Você... ainda tem... e sempre terá um lugar no meu coração (e você sempre terá um lugar na minha listinha negra)...

Um beijo
Renata 'Renée' Cunha"


Me perdoem pelos parênteses na carta, mas sem eles a carta não teria graça alguma e não a colocaria aqui. Aliás a carta me acompanhou durante todos os 752 anos que estou aqui no Inferno. É a única correspondência que recebo até hoje (ela chega uma vez por mês, as vezes mais) e, infelizmente para Deus, eu dou muita risada quando vejo o envelopinho branco saindo da mala do carteiro. Chega um dia aqui em que começamos a nos divertir com a desgraça alheia e até com a nossa própria desgraça. Descobrimos que rir do sofrimento dos outros não adciona pena nenhuma, pois isso ja é, por si só, desumano.

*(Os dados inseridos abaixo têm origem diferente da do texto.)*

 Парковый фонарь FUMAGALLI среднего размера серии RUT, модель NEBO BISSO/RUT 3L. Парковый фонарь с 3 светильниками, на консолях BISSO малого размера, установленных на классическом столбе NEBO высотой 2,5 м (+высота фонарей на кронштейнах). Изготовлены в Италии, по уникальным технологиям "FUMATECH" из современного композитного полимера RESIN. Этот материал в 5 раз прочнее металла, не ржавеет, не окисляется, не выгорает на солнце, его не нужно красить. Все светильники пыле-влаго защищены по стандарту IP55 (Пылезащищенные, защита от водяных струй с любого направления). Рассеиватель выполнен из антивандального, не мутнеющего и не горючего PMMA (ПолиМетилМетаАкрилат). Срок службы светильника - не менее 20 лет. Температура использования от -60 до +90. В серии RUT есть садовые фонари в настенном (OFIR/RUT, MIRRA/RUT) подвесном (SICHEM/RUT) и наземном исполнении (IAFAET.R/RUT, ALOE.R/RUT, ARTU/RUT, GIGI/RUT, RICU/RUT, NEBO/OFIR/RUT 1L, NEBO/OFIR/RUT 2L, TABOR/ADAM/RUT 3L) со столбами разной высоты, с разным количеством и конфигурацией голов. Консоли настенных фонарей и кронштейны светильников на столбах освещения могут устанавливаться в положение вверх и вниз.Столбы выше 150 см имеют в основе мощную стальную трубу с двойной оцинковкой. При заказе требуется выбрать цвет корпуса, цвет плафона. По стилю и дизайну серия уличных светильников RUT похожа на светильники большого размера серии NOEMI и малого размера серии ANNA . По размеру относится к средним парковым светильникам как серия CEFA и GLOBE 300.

Após ler esta carta eu mudei novamente. Desisti de mentir, aliviar, voltar para a "liberdade". Não quero mais voltar para aquela casa destroçada que consegui, com todas as coisas de Renée lá. Não quero ver a cara do desgraçado que está comendo ela, seja lá quem for. Não quero voltar àquele mundo cheio de vigaristas, retardados, punheteiros e viciados. Quero ficar nesta prisão até conseguir fugir dela, ter uma grana e me esconder numa ilha no Pacífico ou no Brasil. Um camarada da cadeia me falou que "liberdade é escravidão", não lembro o nome dele, mas seu apelido era Nova Era, lembro que fumava pra cacete e vivia lendo Niestche, pornografia e aqueles periódicos científicos, dentre todos os livros que ele tinha numa mala. Não sou "O niilista guardião da verdade" como ele me chavava, mas sempre curtia suas opiniões e frases clichês do tipo "Não existe verdade absoluta!" ou "Administrador de cú é rola". Ele dizia que foi preso por que o governo "prefiria que eu ensinasse o que sabia aos condenados e aos bêbados", e sempre acreditava que não sairia mais de lá, por que "liberdade é escravidão". Carinha legal ele era.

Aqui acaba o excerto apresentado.